A better understanding of the cellular mechanism associated with progression or preventing the expansion of these mutated cells might help to develop biomarker and therapeutic strategies to treat or prevent the diseases associated with Clonal Haematopoiesis.
To this aim, Dr Napolitani's team is carrying out deep immune profiling of the peripheral blood and the bone marrow of a longitudinal cohort of patients undergoing hip replacement. In an interim analysis, his team observed a higher proportion of effector and cytotoxic CD4+ T cells in individuals with a low frequency of mutated cells, compared to individuals without mutations.
Conversely, the frequency of these cells dropped in individuals with large, expanded clones.
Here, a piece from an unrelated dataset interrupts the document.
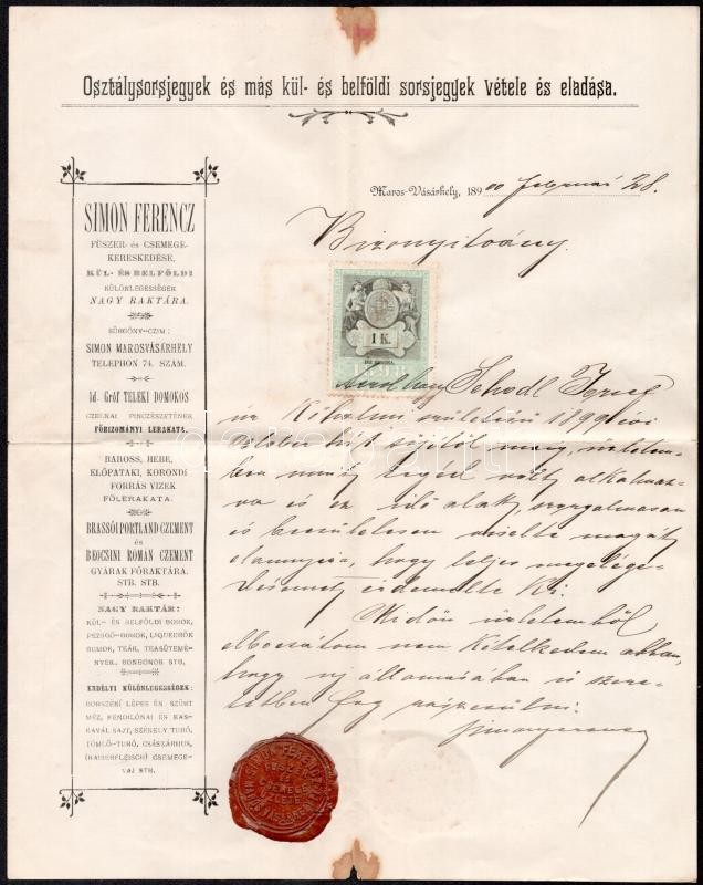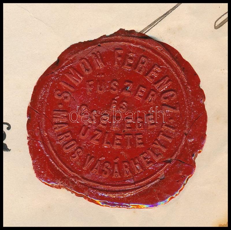 cca 1898 Marosvásárhely, fejléces levél, okmánybélyeggel, viaszpecséttel, hátulján hirdetéssel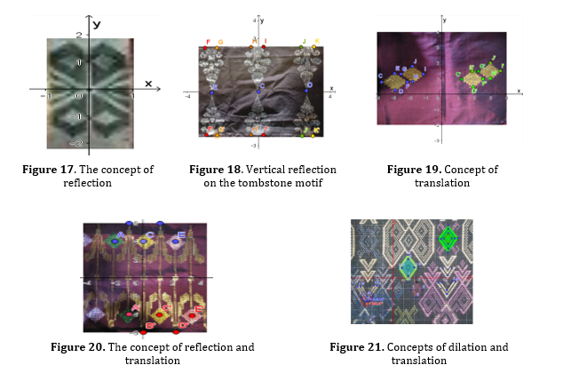 Transformation geometry is one part of geometry which refers to changes in the location, size, direction of geometric objects such as points, polylines or polygons. The operations used in transformation geometry consist of mirroring (reflection),shifting (translation), resizing (dilation), rotation (Prahmana & D’Ambrosio, 2020). Several previous studies have explored the concept of geometric transformation in various cultural attributes, such as batik ornaments, traditional houses, or in bamboo handicrafts (Maryati & Prahmana, 2019). In research by Anggraeni et al (2018) revealed that the Surakarta batik pattern can be found the application of the concepts of reflection, translation, rotation and dilation. Disclosure of meaning and implementation of geometric transformation on batik motifs such as Baboon Angreem, Parang Barong, Sidomukti, Sidoluhur, Soblog and Sidowirasat can be used as learning resources (Prahmana & D’Ambrosio, 2020). In addition, the concepts of reflection, translation, dilation, rotation and tessellation have also been explored in Solo batik (Faiziyah et al., 2021) dan Trusmi Cirebon (Karimah et al., 2013). In this study, the concepts of transformation geometry were also found in the observed lipa’ sabbe motifs as shown in Figure 17, 18, 19, 20, and 21. The existence of a motif that contains the concept of geometric transformation, shows an intelligence and special ability possessed by lipa 'sabbe weavers. In this case, the ability to place color, change size, change direction, change shape and maintain symmetry produces a variety of decorations on lipa’ sabbe.

This observation supports the hypothesis that CD4 T cells might limit the expansion of mutated clones and that individuals with a low frequency of these cells might be more susceptible to developing CHIP.
CHIP clones harbouring mutations in genes involved in the DNA Damage Response pathway (DDRp) pathway, such as TP53, have a high risk of transforming into malignant clones and leading to Acute Myeloid Leukemia. Notably, AML patients with DDRp driver mutations are characterized by an increased immune infiltration (Rutella). Interestingly, CHIP patients with DDRp mutations also showed an elevated frequency of effector and cytotoxic CD4+ T cells.
This suggests that CD4 T cells might be ineffective in controlling the expansion of clones harbouring DDRP mutations compared to mutation conferring a lower risk of transformation, such as DNMT3A and TET2. A better understanding of the cellular mechanisms associated with progression or preventing the expansion of clones harbouring CHIP mutation might help to develop biomarker and therapeutic strategies to harness T cell immunity in CHIP and myeloid malignancies.
This PhD project aims to explore the potential involvement of CD4 T cells in regulating clonal expansion within the context of Clonal Haematopoiesis. Additionally, it aims to investigate whether and how TP53 mutations confer expanding CHIP clones with the ability to evade CD4 T cell-mediated responses.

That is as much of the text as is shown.